Located in Syracuse, NY, the Erie Canal Museum is housed in the Syracuse Weighlock Building. It’s hard to imagine it now, but the street in front of the museum — Erie Boulevard — used to be the canal. Instead of cars and trucks, imagine barges and canal boats.
The Syracuse Weighlock Building served the canal from 1850 to 1883 as a big scale to weigh the boats traveling on the canal to determine how much each boat would pay for a toll. The cool thing is that the building itself is the most significant artifact in the museum’s collection — in fact, the museum was founded in 1962 specifically to save the Syracuse Weighlock Building. And it’s good they did, because the Erie Canal Museum building is the only surviving weighlock from the Erie Canal.
When the weighlock was in operation, boats could pass from the canal right into the lock chamber in the Syracuse Weighlock Building. The lock would then drain let the water after a boat entered, allowing the full weight of the boat to rest on the scales. Based on the weight of the loaded boat (minus the weight of the empty boat listed in the “Empty Weight Certificate” that would be posted on the boat itself), the toll would be calculated.
During the canal’s operating season, the weighing of canal boats was a 24-7 operation, and was managed and supervised from the Weighmaster’s office, which is located adjacent the weigh chamber and remains set up as it would have been up until 1883. Probably one of the coolest parts of the museum, a full-size replica of a canal boat, the Frank Buchanan Thomson, rests within the weigh chamber; you can board it to learn more about life on a canal boat, what it was like to ride one as a passenger or work on one as part of the crew. It’s a good way to get a sense of the actual space on board a working canal boat.
As you enter the museum, you notice arrows directing your progress through the exhibits — although this was probably a pandemic-era construct, I liked having the arrows direct my path through the museum. The permanent, first-floor exhibit details the history and construction of the Canal, from earliest conception to the modern Barge Canal System. As you follow it through, the often-interactive exhibits explain some of the engineering behind the canal, how the route was chosen, major industries that rose from the canal and other history. The exhibit features many remarkable images and artifacts from the museum’s permanent collection and leaves you with a good understanding of the impact the canal on the state.
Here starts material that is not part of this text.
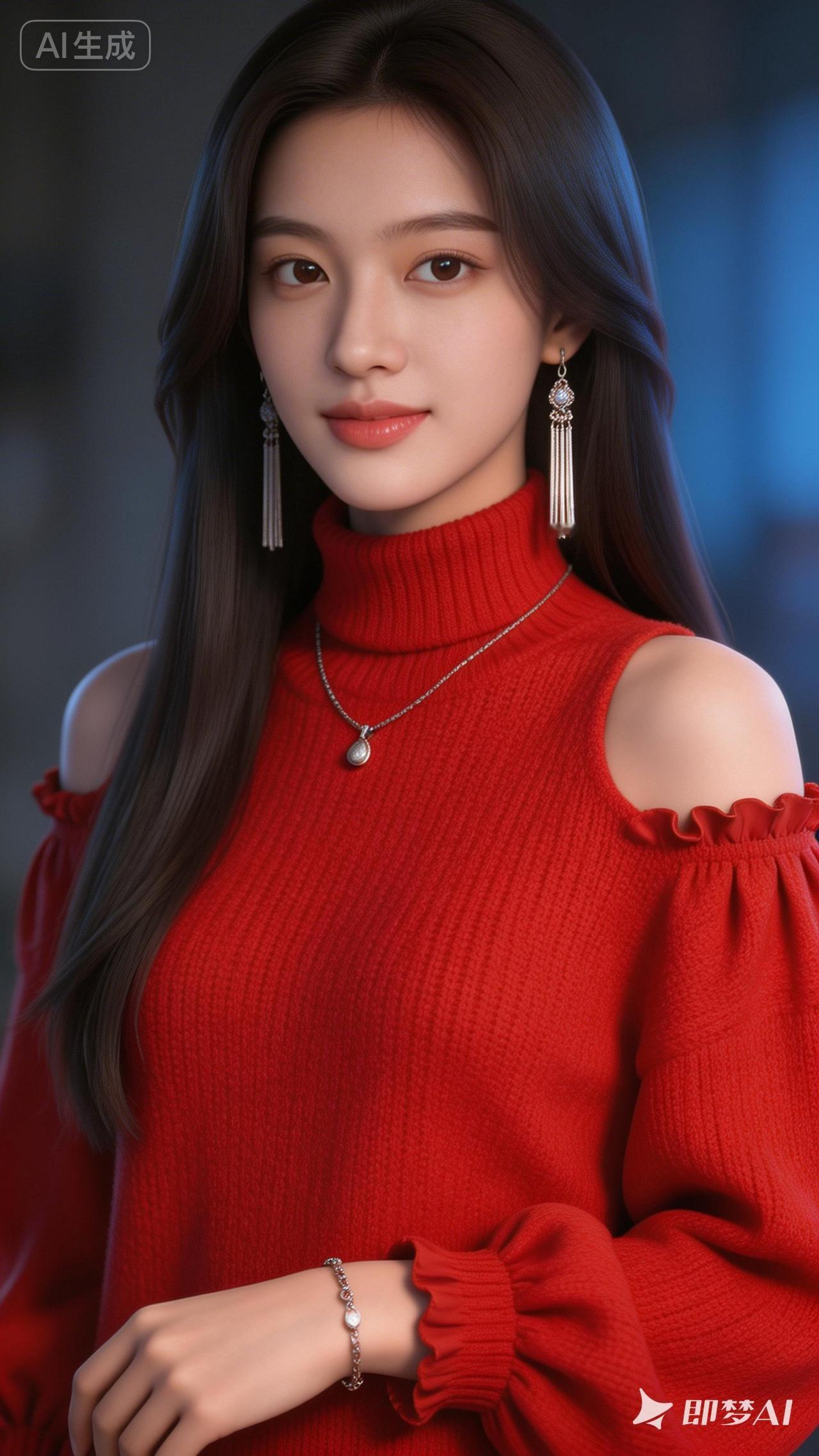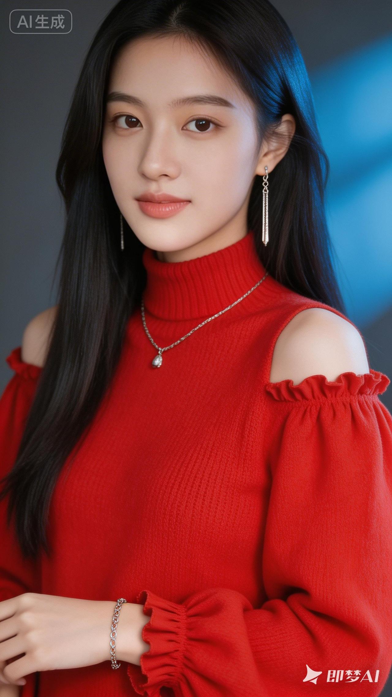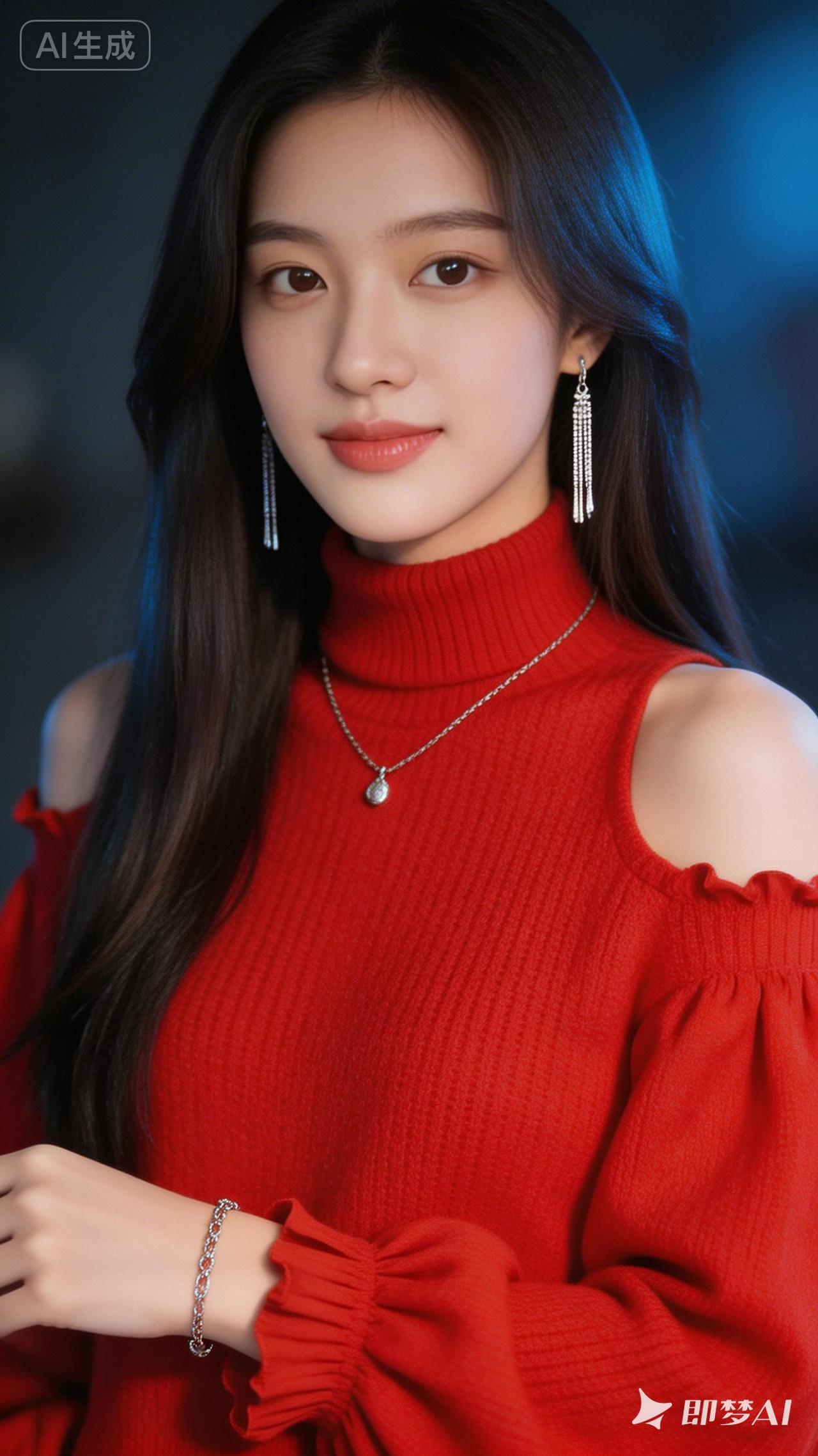 甜美红衣少女,优雅气质满分!

The Erie Canal stretches east–west through upstate New York, creating at the time of its building a navigable water route from the Great Lakes to the Atlantic Ocean. Completed in 1825, it was the second-longest canal in the world and spurred the development and economy of many major cities of New York, including New York City, Albany, Syracuse, Rochester, Buffalo and numerous smaller villages and towns as well as the United States as a whole.
The canal also spurred a population surge in western New York and opened regions to settlement farther west. It was enlarged between 1834 and 1862. In 1918, the western part of the canal was enlarged to become part of the New York State Barge Canal.
The Erie Canal Museum has several murals, both inside and outside. They depict life on the Canal, Canal businesses, elevation changes along the Canal, and the operation of a lock.
The interactive exhibits appeal to older children or can be guided by accompanying adults for younger ones. There’re also exhibits geared toward younger children. This is a great little museum that helps explain the importance of the Erie Canal to the entire country, as well as to New York itself.
Know before you go: There are eight parking spots for Museum visitors located in the New York State parking lot under the highway overpass with entrances on North State Street and on James Street. The spots are labeled “Visitor Center Parking.” Parking is also available on-street surrounding the Museum and in nearby parking lots.
Getting there: 318 Erie Blvd E, Syracuse, NY
Hours: Open daily from 10 a.m. – 4 p.m.; closed at 2 p.m. on Christmas Eve and New Year’s Eve; closed on New Year’s Day, Easter Sunday, Independence Day, Thanksgiving, and Christmas.